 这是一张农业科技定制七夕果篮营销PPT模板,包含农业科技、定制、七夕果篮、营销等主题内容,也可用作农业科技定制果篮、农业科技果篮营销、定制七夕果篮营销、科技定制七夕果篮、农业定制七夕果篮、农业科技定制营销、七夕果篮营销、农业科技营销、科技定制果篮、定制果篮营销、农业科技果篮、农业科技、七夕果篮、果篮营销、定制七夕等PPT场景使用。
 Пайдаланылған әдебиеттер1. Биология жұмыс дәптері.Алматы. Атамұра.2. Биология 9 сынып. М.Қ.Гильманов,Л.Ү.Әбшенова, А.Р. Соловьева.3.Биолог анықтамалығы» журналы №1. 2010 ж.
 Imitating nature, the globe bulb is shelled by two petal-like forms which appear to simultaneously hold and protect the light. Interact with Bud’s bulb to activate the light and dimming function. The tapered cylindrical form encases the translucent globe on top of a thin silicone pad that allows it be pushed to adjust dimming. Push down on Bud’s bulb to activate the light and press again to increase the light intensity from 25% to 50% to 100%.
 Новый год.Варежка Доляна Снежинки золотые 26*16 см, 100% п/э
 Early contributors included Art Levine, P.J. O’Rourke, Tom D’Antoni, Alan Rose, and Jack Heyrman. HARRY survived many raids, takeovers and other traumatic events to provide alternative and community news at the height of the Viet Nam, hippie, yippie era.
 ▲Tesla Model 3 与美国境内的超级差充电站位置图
* * *
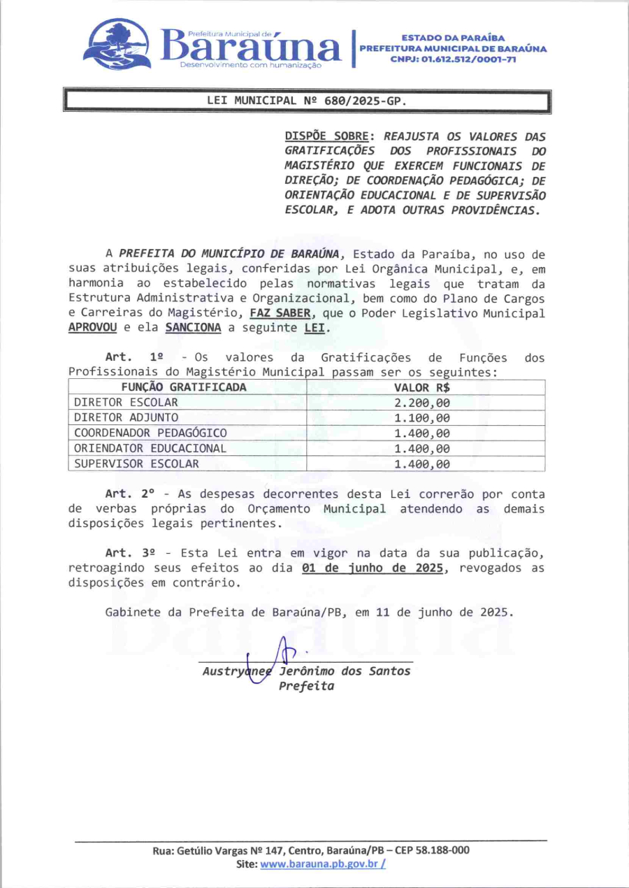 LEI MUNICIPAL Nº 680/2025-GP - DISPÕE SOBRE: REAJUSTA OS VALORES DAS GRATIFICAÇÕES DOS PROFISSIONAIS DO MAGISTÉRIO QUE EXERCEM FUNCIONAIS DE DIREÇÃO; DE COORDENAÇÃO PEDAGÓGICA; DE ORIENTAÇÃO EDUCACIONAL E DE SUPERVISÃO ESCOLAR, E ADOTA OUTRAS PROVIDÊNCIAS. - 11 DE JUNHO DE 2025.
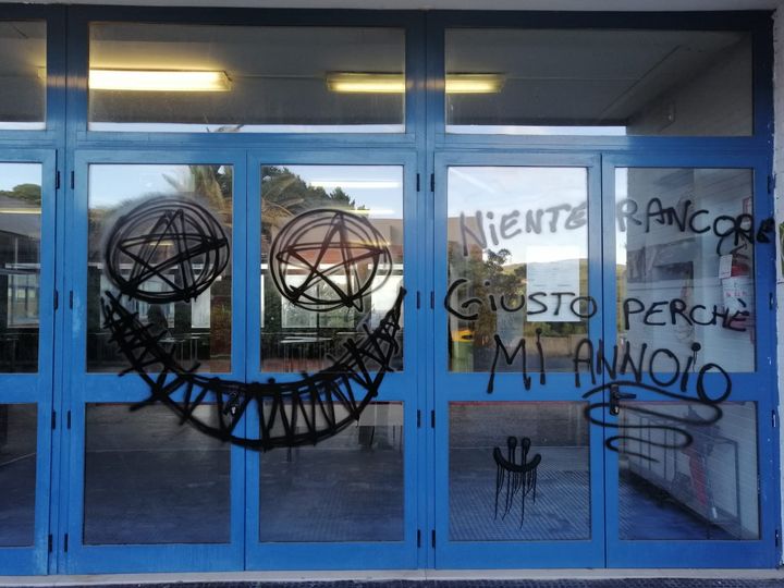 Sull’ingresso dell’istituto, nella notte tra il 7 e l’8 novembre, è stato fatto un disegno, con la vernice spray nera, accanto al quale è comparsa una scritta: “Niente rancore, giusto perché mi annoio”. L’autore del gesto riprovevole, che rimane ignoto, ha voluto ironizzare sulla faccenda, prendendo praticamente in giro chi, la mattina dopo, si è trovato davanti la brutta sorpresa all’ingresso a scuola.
...
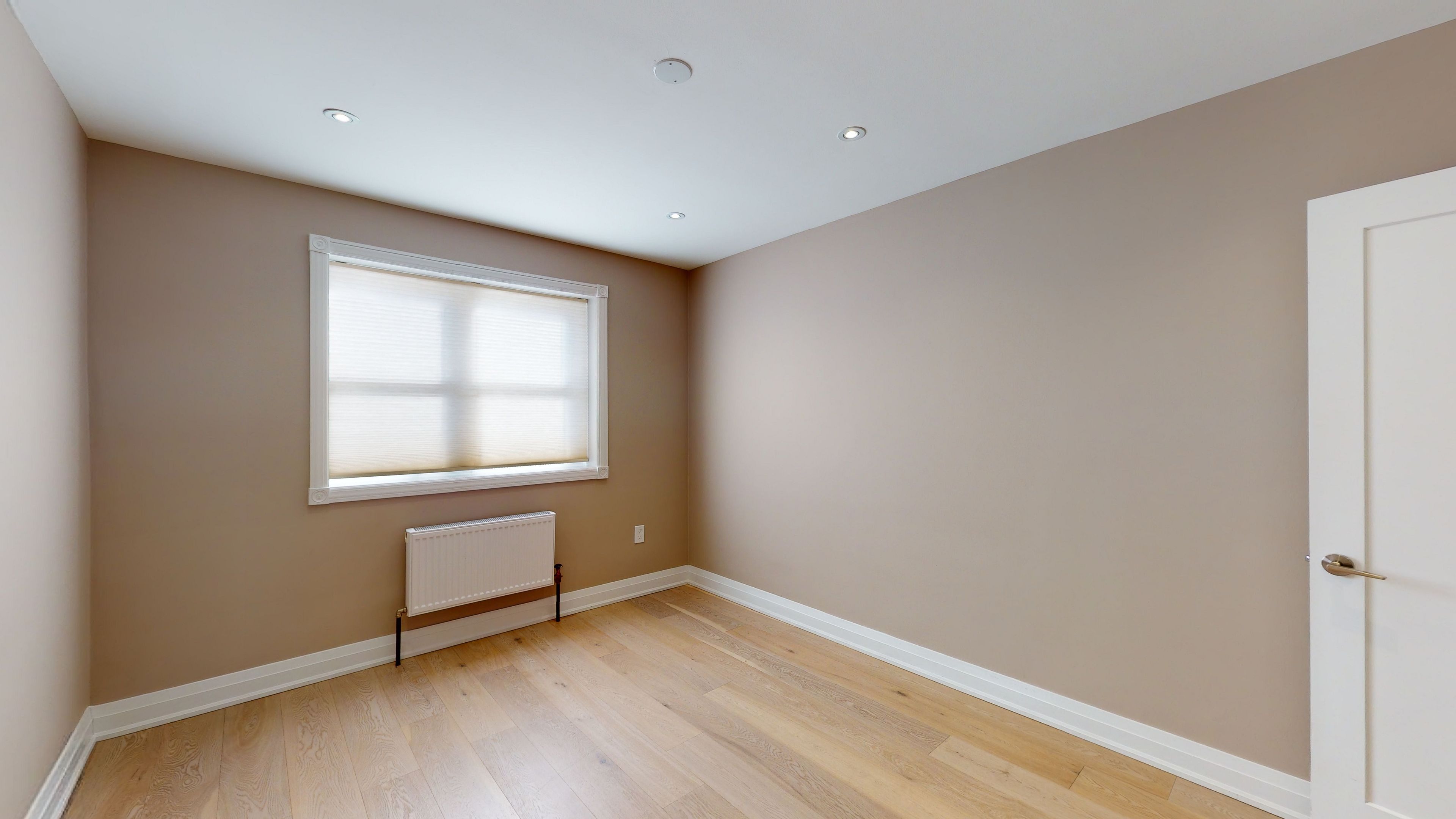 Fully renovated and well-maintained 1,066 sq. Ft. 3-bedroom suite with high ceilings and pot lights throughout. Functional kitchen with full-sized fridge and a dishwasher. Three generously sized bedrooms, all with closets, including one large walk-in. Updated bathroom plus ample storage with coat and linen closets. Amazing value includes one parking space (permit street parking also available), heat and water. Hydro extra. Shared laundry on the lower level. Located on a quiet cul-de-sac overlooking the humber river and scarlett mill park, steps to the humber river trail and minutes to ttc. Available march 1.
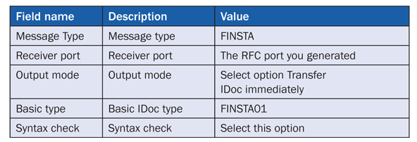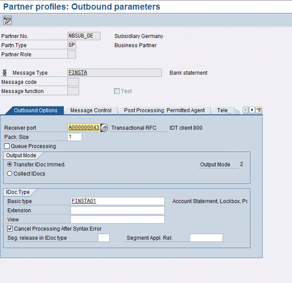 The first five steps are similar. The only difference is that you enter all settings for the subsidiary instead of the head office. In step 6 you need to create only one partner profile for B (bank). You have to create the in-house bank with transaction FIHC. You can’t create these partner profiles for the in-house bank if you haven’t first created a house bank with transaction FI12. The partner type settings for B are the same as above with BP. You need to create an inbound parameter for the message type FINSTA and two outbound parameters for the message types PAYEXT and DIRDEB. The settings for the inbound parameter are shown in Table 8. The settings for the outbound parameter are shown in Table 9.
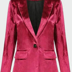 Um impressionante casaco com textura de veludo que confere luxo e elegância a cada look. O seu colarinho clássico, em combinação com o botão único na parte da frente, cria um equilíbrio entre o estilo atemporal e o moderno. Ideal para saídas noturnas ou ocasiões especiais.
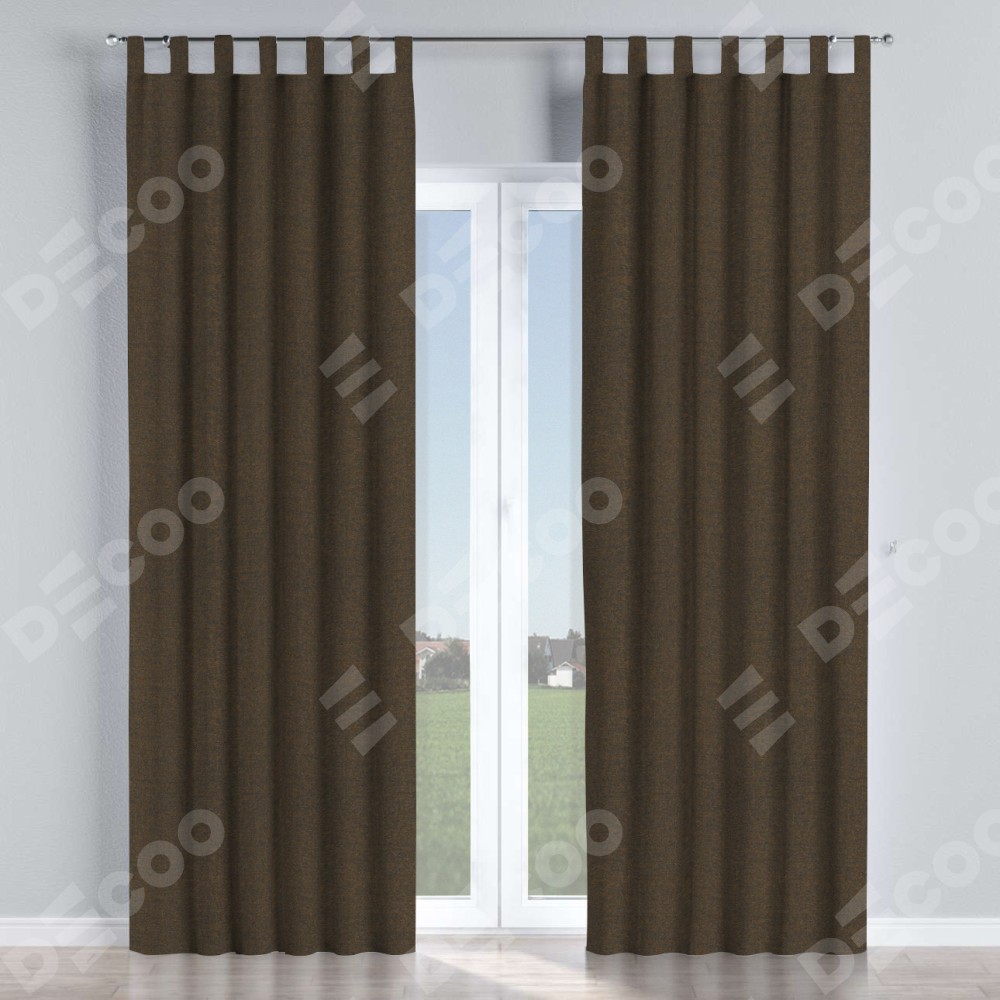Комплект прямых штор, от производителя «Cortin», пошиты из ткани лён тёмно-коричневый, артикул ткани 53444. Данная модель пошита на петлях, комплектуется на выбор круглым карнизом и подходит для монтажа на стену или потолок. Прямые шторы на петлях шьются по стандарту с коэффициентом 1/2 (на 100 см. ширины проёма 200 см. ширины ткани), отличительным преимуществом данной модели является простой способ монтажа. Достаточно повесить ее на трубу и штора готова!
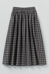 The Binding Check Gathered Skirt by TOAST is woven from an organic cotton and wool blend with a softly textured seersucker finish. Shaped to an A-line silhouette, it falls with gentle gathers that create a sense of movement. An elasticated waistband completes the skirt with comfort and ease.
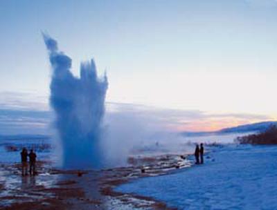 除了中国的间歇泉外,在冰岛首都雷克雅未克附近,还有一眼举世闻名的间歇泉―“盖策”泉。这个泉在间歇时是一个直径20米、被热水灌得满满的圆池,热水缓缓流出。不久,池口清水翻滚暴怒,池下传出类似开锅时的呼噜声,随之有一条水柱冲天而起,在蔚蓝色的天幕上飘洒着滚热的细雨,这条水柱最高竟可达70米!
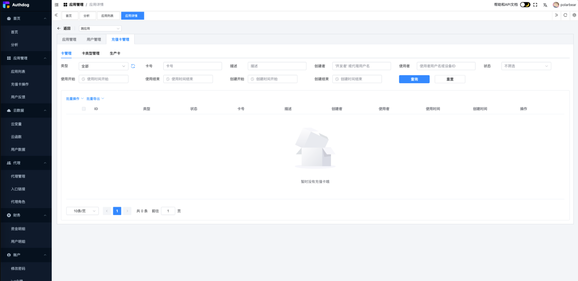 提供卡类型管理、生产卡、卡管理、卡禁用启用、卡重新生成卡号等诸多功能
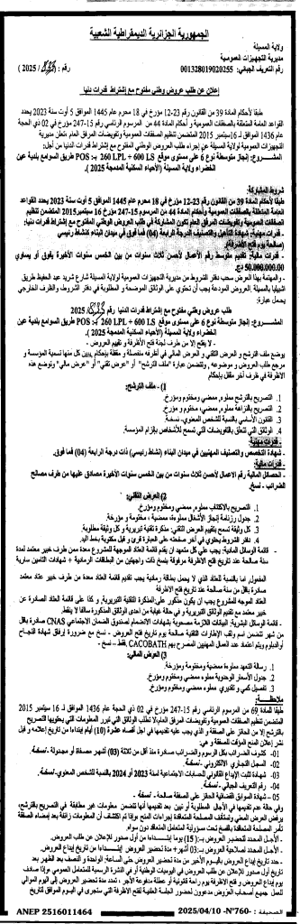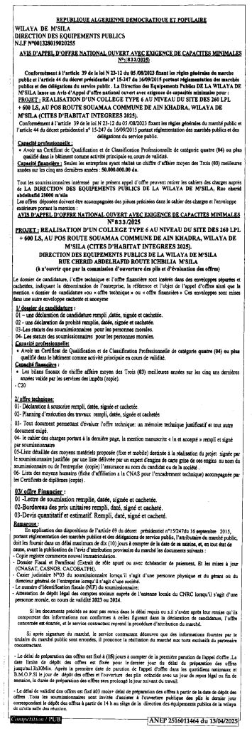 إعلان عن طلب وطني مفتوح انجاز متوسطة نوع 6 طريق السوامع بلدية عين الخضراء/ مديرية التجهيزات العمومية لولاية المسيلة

_WHAT TO WORK ON_
Would you retype exactly the lines above, from the line with "这是一张农业科技定制七夕果篮" to the line with "Новый год.Варежка Доляна", with both end lines kept and nothing more?

_ANSWER TO THIS EXERCISE_
 这是一张农业科技定制七夕果篮营销PPT模板,包含农业科技、定制、七夕果篮、营销等主题内容,也可用作农业科技定制果篮、农业科技果篮营销、定制七夕果篮营销、科技定制七夕果篮、农业定制七夕果篮、农业科技定制营销、七夕果篮营销、农业科技营销、科技定制果篮、定制果篮营销、农业科技果篮、农业科技、七夕果篮、果篮营销、定制七夕等PPT场景使用。
 Пайдаланылған әдебиеттер1. Биология жұмыс дәптері.Алматы. Атамұра.2. Биология 9 сынып. М.Қ.Гильманов,Л.Ү.Әбшенова, А.Р. Соловьева.3.Биолог анықтамалығы» журналы №1. 2010 ж.
 Imitating nature, the globe bulb is shelled by two petal-like forms which appear to simultaneously hold and protect the light. Interact with Bud’s bulb to activate the light and dimming function. The tapered cylindrical form encases the translucent globe on top of a thin silicone pad that allows it be pushed to adjust dimming. Push down on Bud’s bulb to activate the light and press again to increase the light intensity from 25% to 50% to 100%.
 Новый год.Варежка Доляна Снежинки золотые 26*16 см, 100% п/э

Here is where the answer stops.